Probability chapter 9 Flashcards
Simple random sampling
Every member is equally likely to be chosen. EG: allocate each member of population a no. then use random numbers to chose desired sample.(sequences, )
Systematic sampling
Find sample size for n from population N taking 1 number from the first k members of population at random. pick every Kth member where k=N/n
Example of systematic sampling
suppose you want to sample 8 houses from a street of 120 houses. 120/8=15, so every 15th house is chosen after a random starting point between 1 and 15.
Stratified sampling
(When you want distinct groups in sample) Split groups up into distinct groups + then sample within each group in proportion to its size.
Example of stratified sampling
One might divide a sample of adults into subgroups by age, like 18-29, 30-39, 40-49, 50-59, and 60 and above
Opportunity sampling
Take samples from members of the population you have access to until you have sample of the desired size.
EG: An example would be selecting a sample of students from those coming out of the library.
Quota sampling
Want distinct groups to be represented in sample, decide how many members of each groups you wish to sample in advance + use opportunity sampling until there’s enough of the sample for each group
An example of quota sampling
A researcher might ask for a sample of 100 females, or 100 individuals between the ages of 20-30.
Cluster sampling
Split the population into clusters that you expect to be similar to each other, the take a sample from each of these clusters.
Example of cluster sampling
For example, a researcher wants to survey academic performance of high school students in Spain. He can divide the entire population (population of Spain) into different clusters (cities). Then the researcher selects a number of clusters depending on his research through simple or systematic random sampling.
When deciding on a sampling method
1) Consider whether or not you can list every member of the population.
2) Identify any sources of bias + any difficulties you might face in taking certain examples.
3) Compare the different sampling methods you have available + choose that one that best suits your needs and limitations.
When is a sampling method biased?
If it creates a sample that does not represent the whole population .
To solve a problem about summary statistics
1) Identify the summary statistics appropriate to the problem.
2) Calculate the values of the required statistics, using a calculator where appropriate.
3) Use the statistics to describe key features of the data set and make comparisons.

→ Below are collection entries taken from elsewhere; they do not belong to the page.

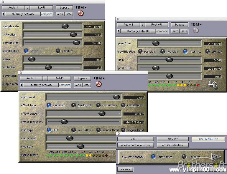 D-Fi套装有4款插件(Lo-Fi, Sci-Fi, Recti-Fi, and Vari-Fi),支持TDM,RTAS,和AudioSuite环境。Lo-Fi提供降低Bit的音质复古处理;Sci-Fi可以添加模拟合成的Ring调制,频率调制,以及可变频率振荡器;Recti-Fi提供Super或Sub谐波合成,Vari-Fi可以对硬盘上的文件进行变速。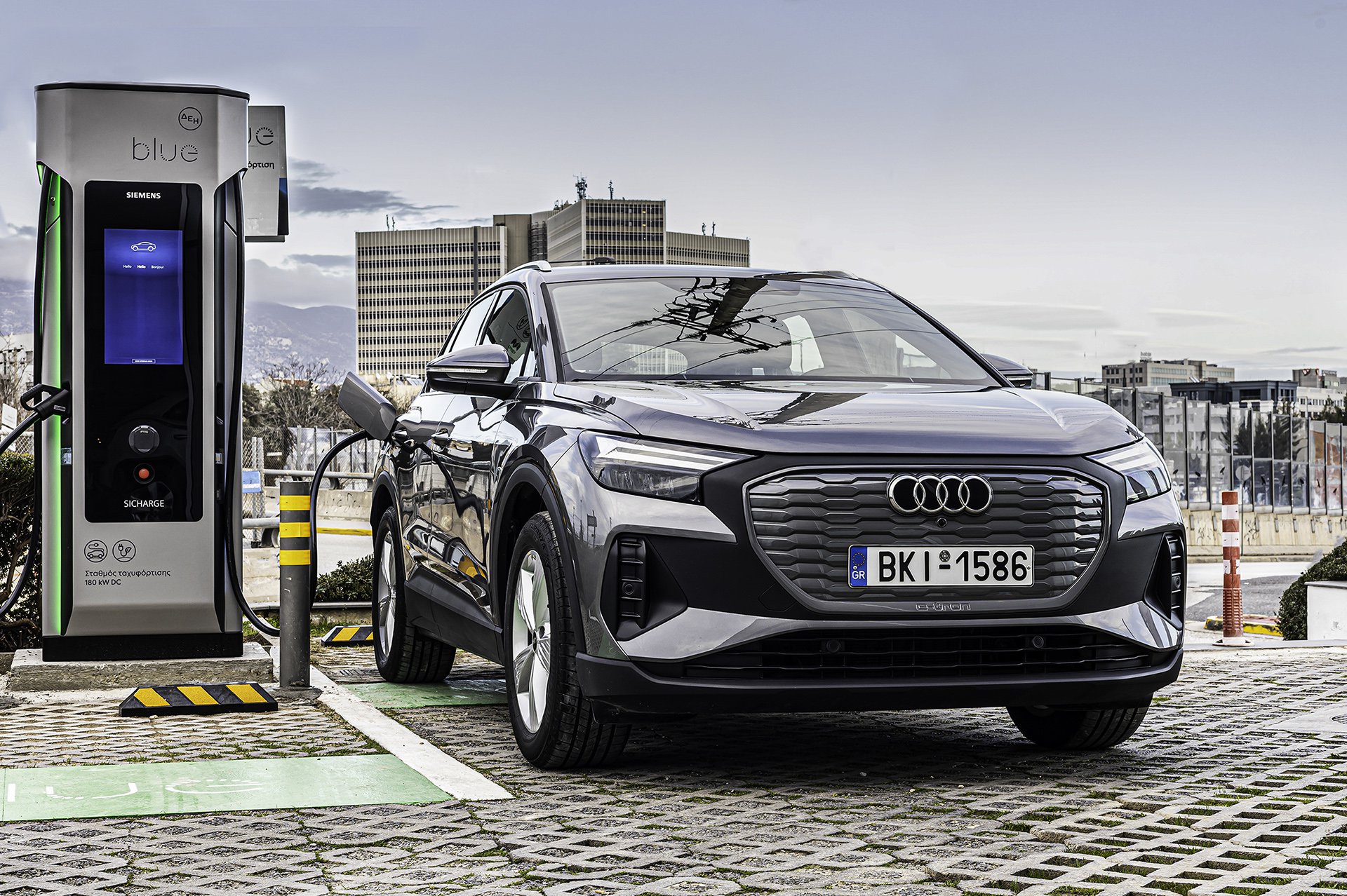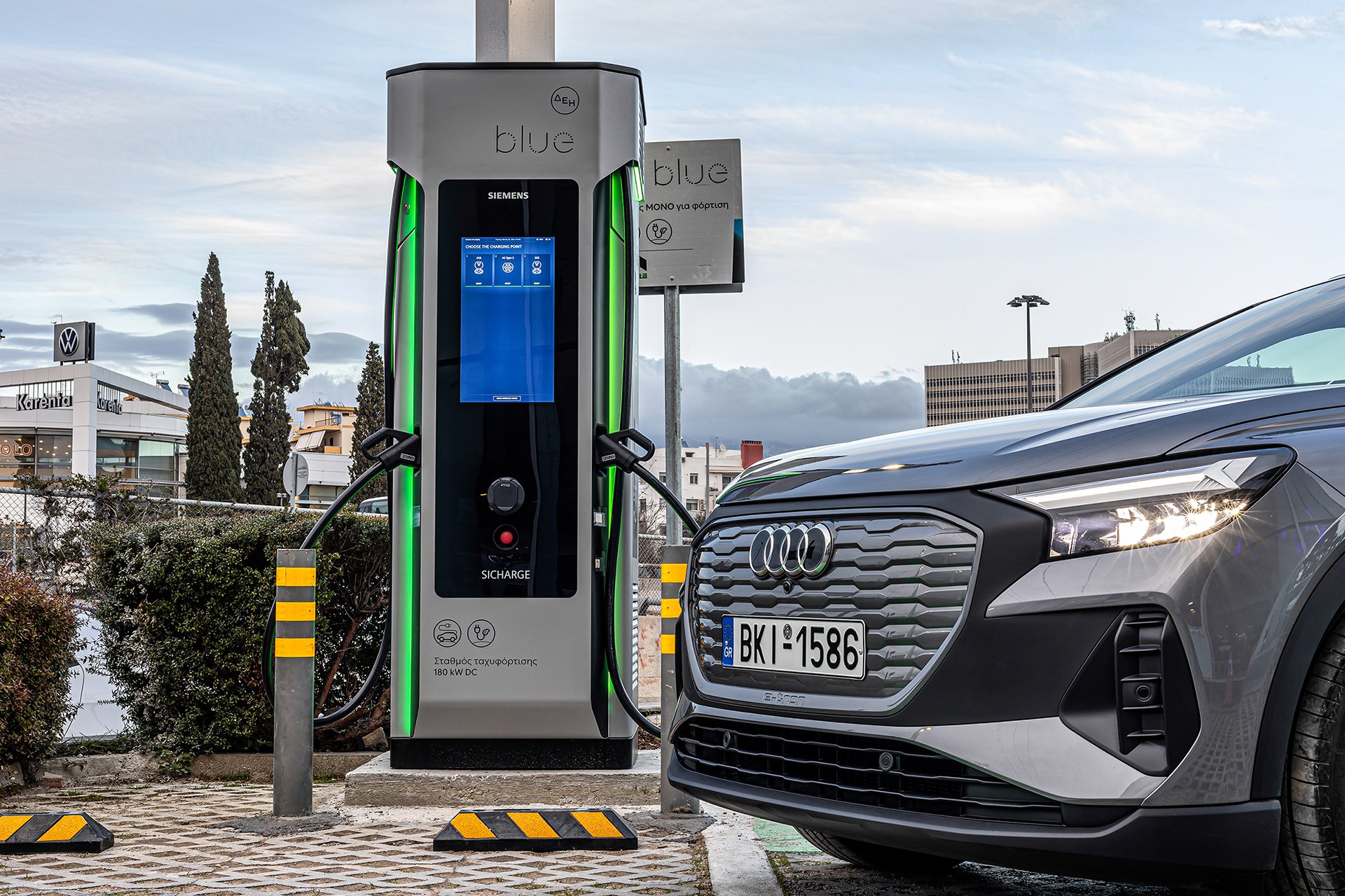 Πρόκειται για τους πλέον ισχυρούς υπερφορτιστές ηλεκτρικών αυτοκινήτων που έχουν εγκατασταθεί μέχρι στιγμής σε αστικό περιβάλλον στην Ελλάδα, δίνοντας τη δυνατότητα σε οδηγούς ηλεκτρικών αυτοκινήτων, κάθε μάρκας και όχι μόνο της Audi, να φορτίσουν εξαιρετικά γρήγορα. Πρακτικά, αυτό σημαίνει ότι για παράδειγμα ένα Q4 e-tron, το νέο compact ηλεκτρικό SUV της Audi, μπορεί σε μόλις 10’ της ώρας να φορτίσει με αρκετή ενέργεια ώστε να διανύσει απόσταση 130 χιλιομέτρων. Κάθε υπερφορτιστής έχει δύο θέσεις φόρτισης με συνεχές ρεύμα (DC) και μία θέση φόρτισης εναλλασσόμενου ρεύματος (AC), για φόρτιση plug-in υβριδικών μοντέλων.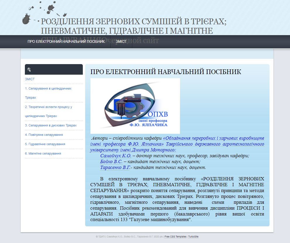 - Самойчук К.О., Бойко В.С., Тарасенко В.Г. Розділення зернових сумішей в трієрах 2020 р.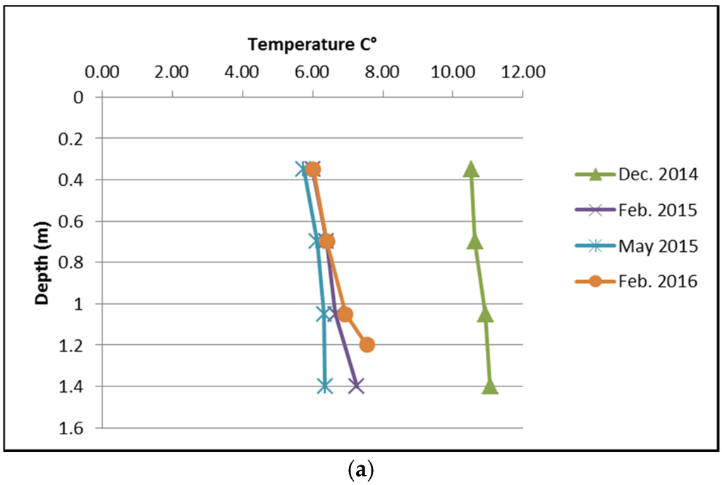 Descriptive statistics were calculated for continuous temperature and turbidity data as well as for pollutant EMC data. Unfortunately, the configuration of the USDC inlet did not allow for flow monitoring so event mean temperatures and turbidity cannot be flow-weighted. Vertical profiles of temperature, specific conductivity/total dissolved solids, dissolved oxygen and pH were taken during winter and spring seasons between 2014 and 2016 in the permanent pool portion of the USDC (Hatch 4 on Figure 2). Profile data collection was scheduled to determine if water stored in the permanent pool becomes stratified for any of these parameters during winter operation, and if any observed stratification dissipates with the arrival of spring rain storms. Four vertical profiles were conducted on the South Unionville USDC; they took place on 2 December 2014, 18 February 2015, 4 May 2015, and 23 February 2016.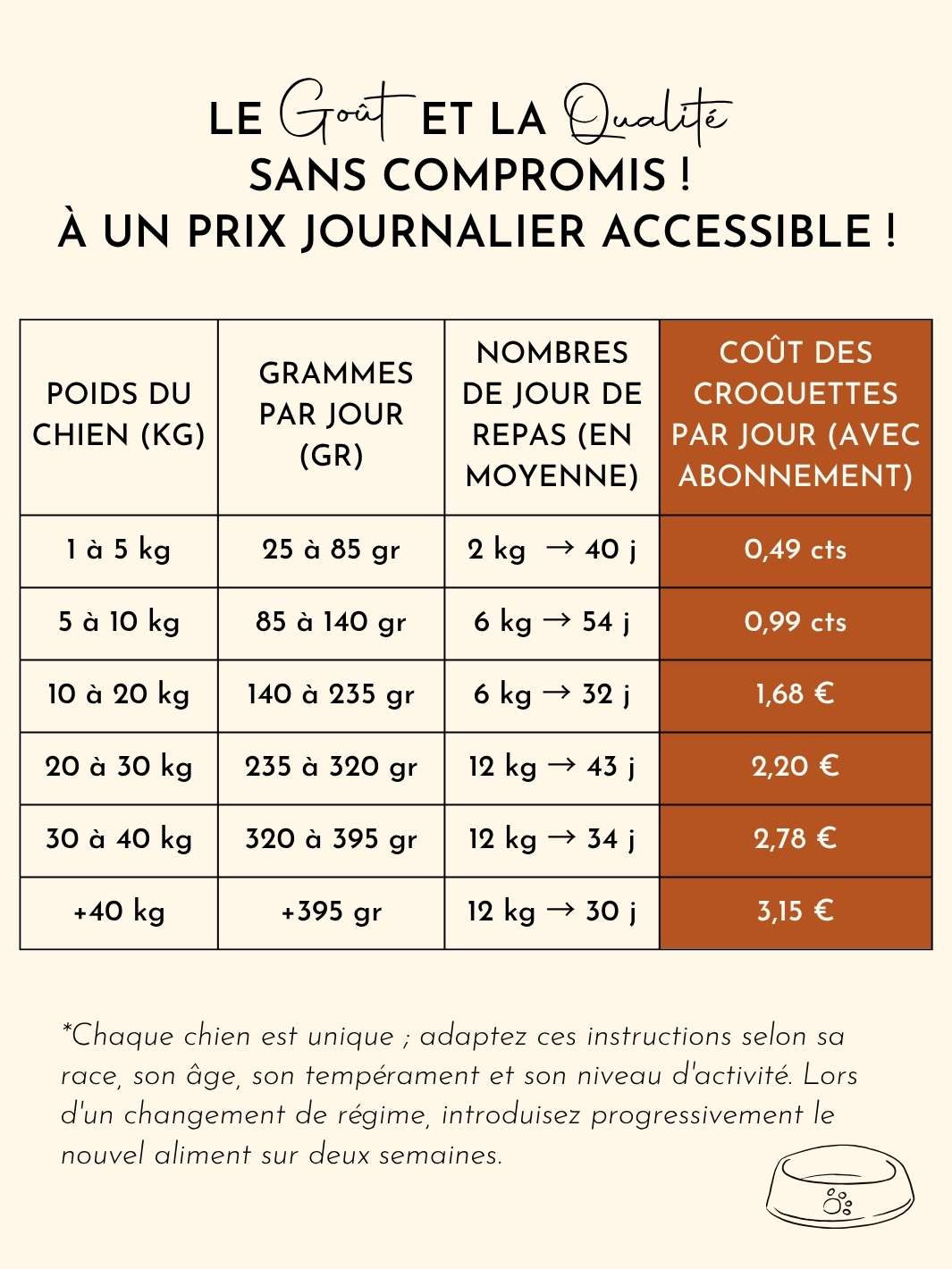 POIDS DU CHIEN (KG) | GRAMMES PAR JOUR (GR) |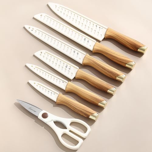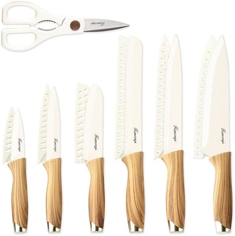 RAZOR-SHARP KNIFE SET: This kitchen knives set includes 8″ Chef Knife, 8″ Slicing Knife, 8″ Serrated Bread Knife,5″ Santoku Knife, 5″ Utility Knife, 3.5″ Paring Knife, Kitchen Shears and 6 pcs Blade Guards.

4) If not already done, identify any outliers and remove them, then see how this affects calculations.
Define outliers.
Are values that lie significantly outside the typical set of values of the variables.
Mode
PROS:
-Useful for non-numerical data
-Not usually affected by outliers
-Not usually affected by errors or omissions
-Is an always observed data point
CONS:
- Doesn’t use all of the data
-May not be representative if it has a low frequency
-There may be other values with similar frequency
Median
PROS: - Not affected by any outliers -Not significantly affected by errors CONS: -Doesn't make use of all the data
Mean
PROS:
- When the data set is large a few extreme values have negligible impact.
CONS:
-When data set is small a few extreme values have a big impact
Range
PROS:
Reflects the full data set
CONS:
Distorted (misrepresented) by outliers
IQR
PROS:
Not distorted by outliers
CONS:
Doesn’t reflect all of the data
Standard deviation
PROS:
When the data set is very large, few outliers have negligible impact.
CONS:
When the data set is small few outliers have a big impact.
distribution
How often each outcome occurs. Each outcome with a given frequency
continuity correction
Involves altering end points of an interval of rounded data to include values which would fall in the interval when rounded.
Frequency density
= frequency / class width
Histogram
You can use a histogram to display continuous data
When deciding on the appropriate diagram to represent data
1) Consider whether you need to be able to display all of the values, including outliers.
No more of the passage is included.